Early Roman Calendar

On CD August-September (SPECTRAL HOUSE sh008), the American minimal player Bill Thompson combines his electronics set-up with the prepared contrabass of Brent Fariss.

We’ve been kept up to date with Thompson’s recent solo releases since his sojourn in London, but in 2006 (when these recordings were made) he was still in Austin and associated with the label Spectral House. This operation is also based in Austin Texas and through its small catalogue is predicated on contemporary music from that area alone; as such, Alex Keller (the minimal sound artist who brought us the amazing Blackout, among other gems) unsurprisingly has appeared on it, but also The Gates Ensemble which includes the lovely Josh Ronsen. Said label founded by Fariss and Thompson. Today’s record recorded at the Loft, presumably a venue in Austin; though it doesn’t say as much on the wrapper, the recordings were made in 2006 and originally came out on a CDR.

Compared to Thompson’s recent confident, single-minded explorations, this release has an interesting degree of hesitancy, a sense of entering into a bargain where the terms and conditions are vague and the outcome isn’t entirely clear. One might say he’s making a tentative foray into the soupy worlds of “electro-acoustic” improvisation, except that Thompson is known for his works using his moog guitar, plus he’s playing amplified percussion on these recordings…what’s interesting is to hear his spellbinding, low-key hum as Fariss cuts into it with his scrapey bass notes, except to describe it that way makes it sounds violent and pro-active, characteristics not to be found on today’s release.
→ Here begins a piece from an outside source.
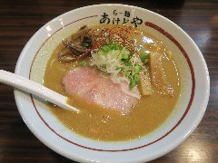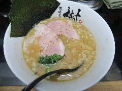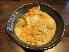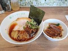 ![]() | 遠州岩水寺駅から5、6分、国道152号沿いにあります。黄色いポール看板が目印です。店内は、くの字のカウンター席が多数ありました。けっこう広い厨房です。壁にはお絵かきが飾ってありました。濃厚ふわとろチャーシュー麺(1200円)と朝採れコーチン玉子かけ(250円)を注文しました。チャーシュー、板のようなメンマ、味玉(半)、刻み葉ネギが入っていました。麺はやや太い平打ちです。スープは豚骨と魚介などの出汁、泡立っています。クリーミーで旨味たっぷりです。レアチェーシューは大きくて5枚も入っていました。TKGにはオリジナルの醤油が付きます。どちらも飯美味しかったです。ちょっと高い気もします。他には、豚うるわしらーめん、楽描あえだまなどがありました。 |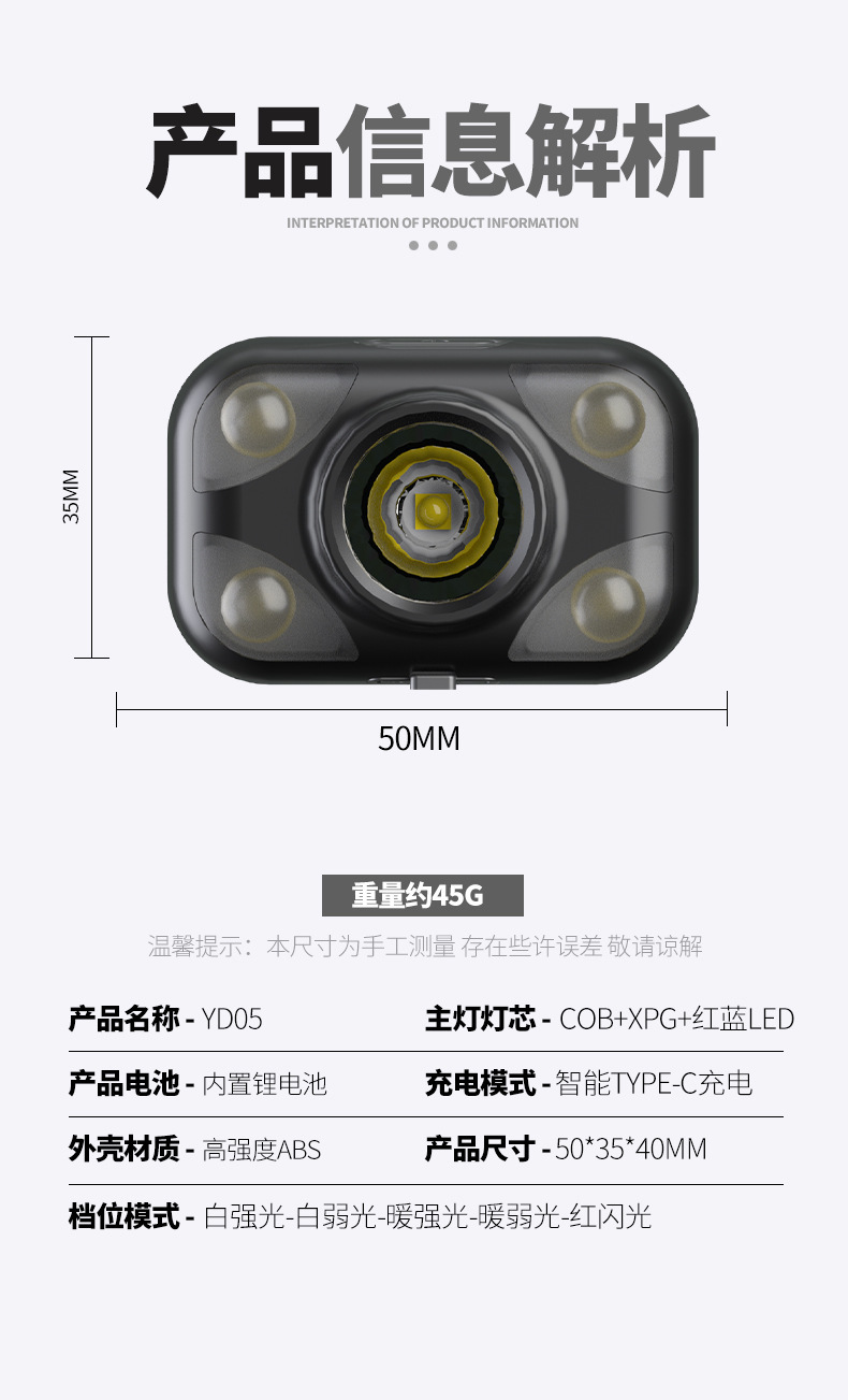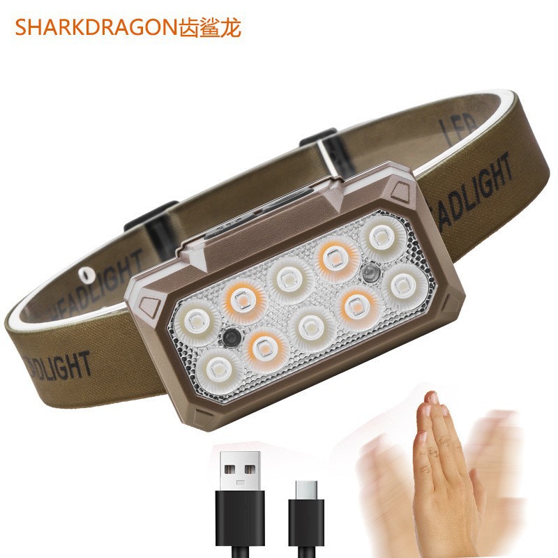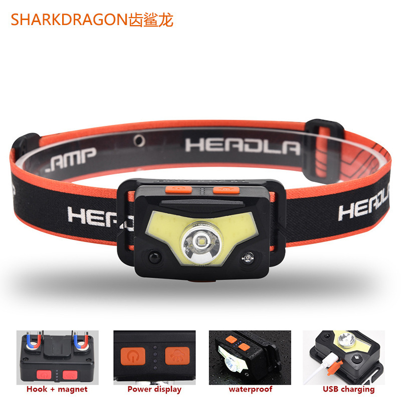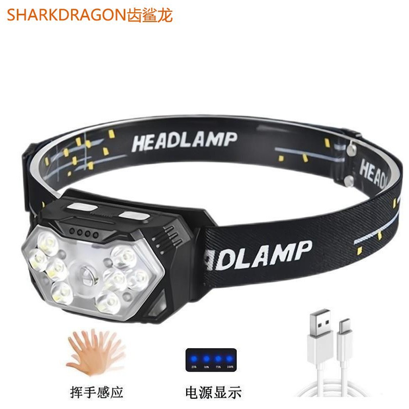 크로스 보더 뉴 인덕션 헤드라이트 USB 충전 디지털 전기 디스플레이 야외 러닝 라이딩 낚시 경량 LED 헤드라이트

Yet ‘august’ – by rights one should express the word all lower-case here – still seethes with some sort of tension, not a quality I’ve usually found on Thompson’s more recent meditational and peaceful solo works. Are those chirping insects coming to visit us halfway through? I don’t like the looks of those locusts or the twitching antennae on these hissing cockroaches, but I suppose worse and more alien scenarios have been played out before. Maybe through this delicate tension – a suspension of multiple elements, including electronic, acoustic, pre-recorded, and semi-random – our two players can give an illustrated lecture about the importance of rapprochement in a diplomatic situation, except they didn’t perform it at a foreign embassy.
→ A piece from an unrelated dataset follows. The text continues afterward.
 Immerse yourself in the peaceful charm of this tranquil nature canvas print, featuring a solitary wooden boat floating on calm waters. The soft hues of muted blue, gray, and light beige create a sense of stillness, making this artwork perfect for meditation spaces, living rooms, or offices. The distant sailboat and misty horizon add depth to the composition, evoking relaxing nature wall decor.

The ‘september’ performance floats in a similar lite-buzz broth, but it’s also capable of turning into a blackening cloud billowing over the horizon, while the unknown (by me) moments can include uncertain percussive rattles and bumps, but also an evidently processed contrabass “solo” which emerges as something turbo-charged through its treatment, and putting us in a space beyond the twee antics of “extended technique” and into a much darker place. To put it another way, the bass of Brent Fariss is in fact a black bear. I’d also like to mention something about the periods of silence and inactivity in ‘september’, except the pollsters may have beaten me to it…it’s not about a time and motion study, more about expressing a huge weight of uncertainty and doubt. Yet by the end of the piece the duo have worked out how to express a rhythmic rise-and-fall figure that restores hope to the bleakened soul. From 27th October 2022.

Available from Burning Harpsichord Records.